DATA IN THIS EXERCISE |
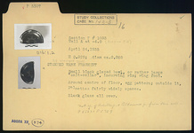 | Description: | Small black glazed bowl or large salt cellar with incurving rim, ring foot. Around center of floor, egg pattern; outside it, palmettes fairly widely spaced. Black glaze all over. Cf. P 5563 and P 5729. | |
* * *
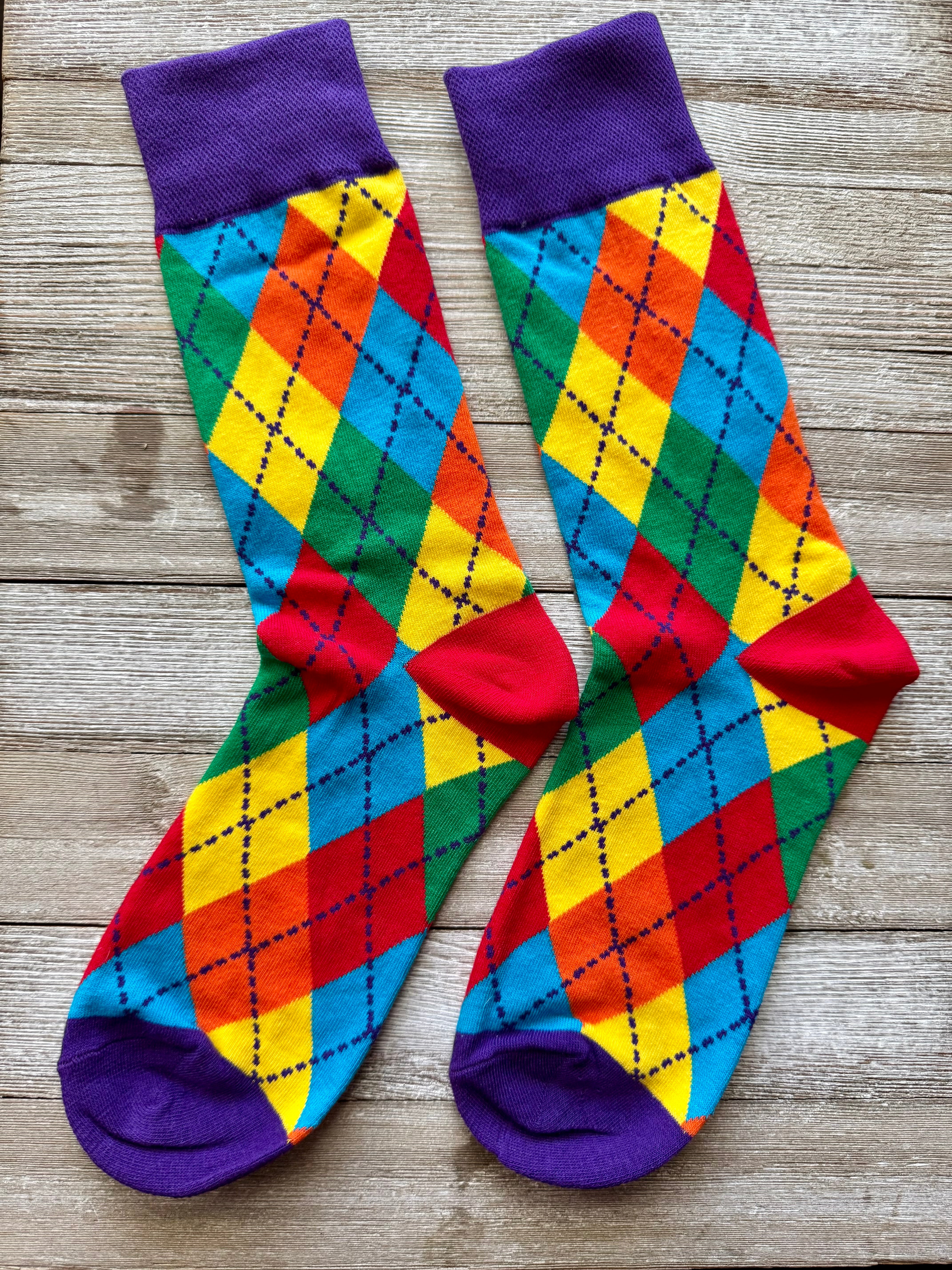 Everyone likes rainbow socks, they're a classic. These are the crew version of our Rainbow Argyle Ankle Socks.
...
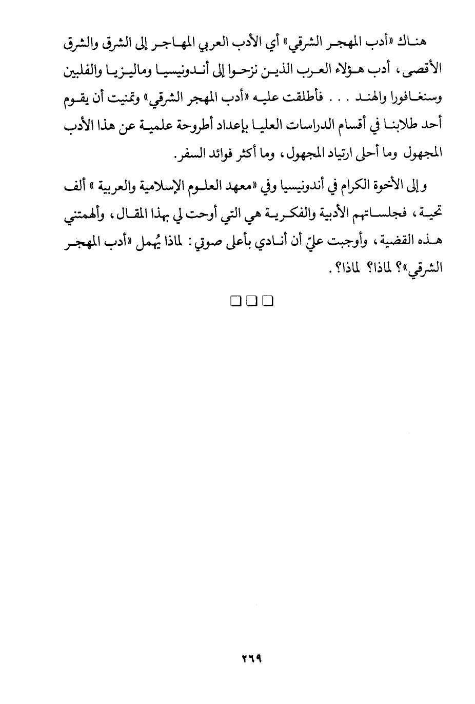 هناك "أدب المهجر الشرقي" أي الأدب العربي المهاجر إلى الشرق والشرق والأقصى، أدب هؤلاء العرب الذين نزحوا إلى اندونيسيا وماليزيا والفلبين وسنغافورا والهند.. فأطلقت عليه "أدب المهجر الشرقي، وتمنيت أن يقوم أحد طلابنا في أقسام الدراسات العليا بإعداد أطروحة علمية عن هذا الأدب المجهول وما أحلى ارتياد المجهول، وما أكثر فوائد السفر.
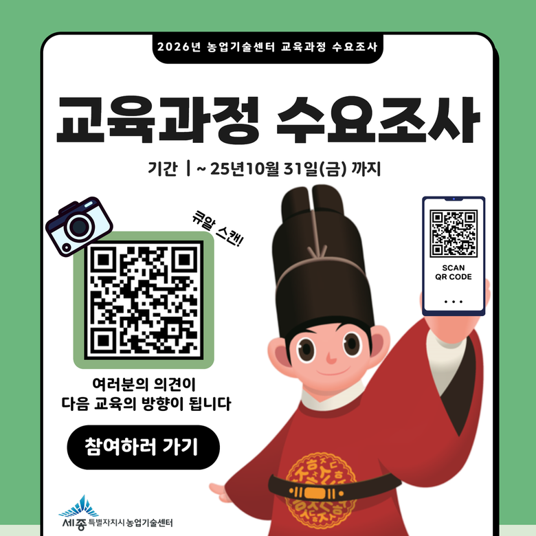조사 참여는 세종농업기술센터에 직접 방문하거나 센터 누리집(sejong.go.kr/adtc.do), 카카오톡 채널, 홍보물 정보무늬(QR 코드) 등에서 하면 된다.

BRIEF | Output only the stretch above from the line with "أكثر فوائد السفر." through the line with "조사 참여는 세종농업기술센터에", reproduced exactly. Exclude pictures.

SOLUTION |
 هناك "أدب المهجر الشرقي" أي الأدب العربي المهاجر إلى الشرق والشرق والأقصى، أدب هؤلاء العرب الذين نزحوا إلى اندونيسيا وماليزيا والفلبين وسنغافورا والهند.. فأطلقت عليه "أدب المهجر الشرقي، وتمنيت أن يقوم أحد طلابنا في أقسام الدراسات العليا بإعداد أطروحة علمية عن هذا الأدب المجهول وما أحلى ارتياد المجهول، وما أكثر فوائد السفر.
조사 참여는 세종농업기술센터에 직접 방문하거나 센터 누리집(sejong.go.kr/adtc.do), 카카오톡 채널, 홍보물 정보무늬(QR 코드) 등에서 하면 된다.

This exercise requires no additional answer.